Десять дней оставалось до срока. Как их поскорее прожить, протянуть? Последнее ожидание — это груз непомерный. Скука в сердце, и минуты текут неживые.

Он на неделе ухитрился побывать в Нерчинском заводе и повидал Пятина. Тот был смутен и возбужден. Он все подготовил, но глаза прятал. Стыдился вроде.

— Бес попутал, Иван Иванович. Ввязался в пьяную драку. Вишь, в чем заковыка. Душа волю чует, ей уж невмочь.

— У меня то же самое, Алеша, — ласково, чтобы его успокоить, сказал Сухинов. — Двадцать пятого жди нас здесь. Да я вперед кого-нибудь вышлю.

Обнялись на прощание.

«Какую странную жизнь я прожил, — кручинился Сухинов. — Будто и не свою. Но скоро все переменится. Милый Сергей Иванович, видишь, какое дело я затеял, и совета спросить не у кого! Да и поздно советоваться».

Светлым, скорбным ликом выплывал из памяти Муравьев-Апостол. Сухинов часто и прежде разговаривал с ним, как с непогибшим. Они оба восторжествовали над временем, и власть мирская на них не распространялась.

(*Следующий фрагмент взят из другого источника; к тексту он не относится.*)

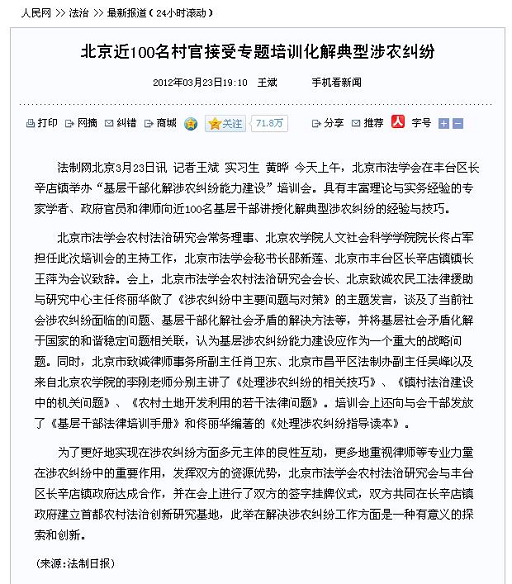 法制网北京3月23日讯 记者王斌 实习生 黄晔 今天上午,北京市法学会在丰台区长辛店镇举办“基层干部化解涉农纠纷能力建设”培训会。具有丰富理论与实务经验的专家学者、政府官员和律师向近100名基层干部讲授化解典型涉农纠纷的经验与技巧。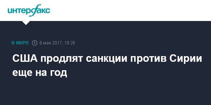 Москва. 9 мая. INTERFAX.RU - Президент США Дональд Трамп продлил на год санкции в отношении правительства Сирии.

Сухинов верил в бога неуклюже, с сомнением, по-крестьянски. Он верил в избавление от земных хлопот и страданий и знал, что придется когда-нибудь отвечать за совершенное здесь, при этой жизни. Он надеялся, что его не осудят. За что осуждать? Кого он сильно обидел или обездолил? Через кровь не раз переступал, но то была кровь врагов отечества. Плохо, скудно жил, зато теперь прозрел и с нового пути не свернет. Не о себе одном думает, а обо всех, кого согнули неправдой и продолжают гнуть до хруста в позвоночнике. Сил у него не много, он простой человек, но сколько есть — отдаст за сирых и тоскующих. Как Сергей Иванович отдал, как все павшие до него.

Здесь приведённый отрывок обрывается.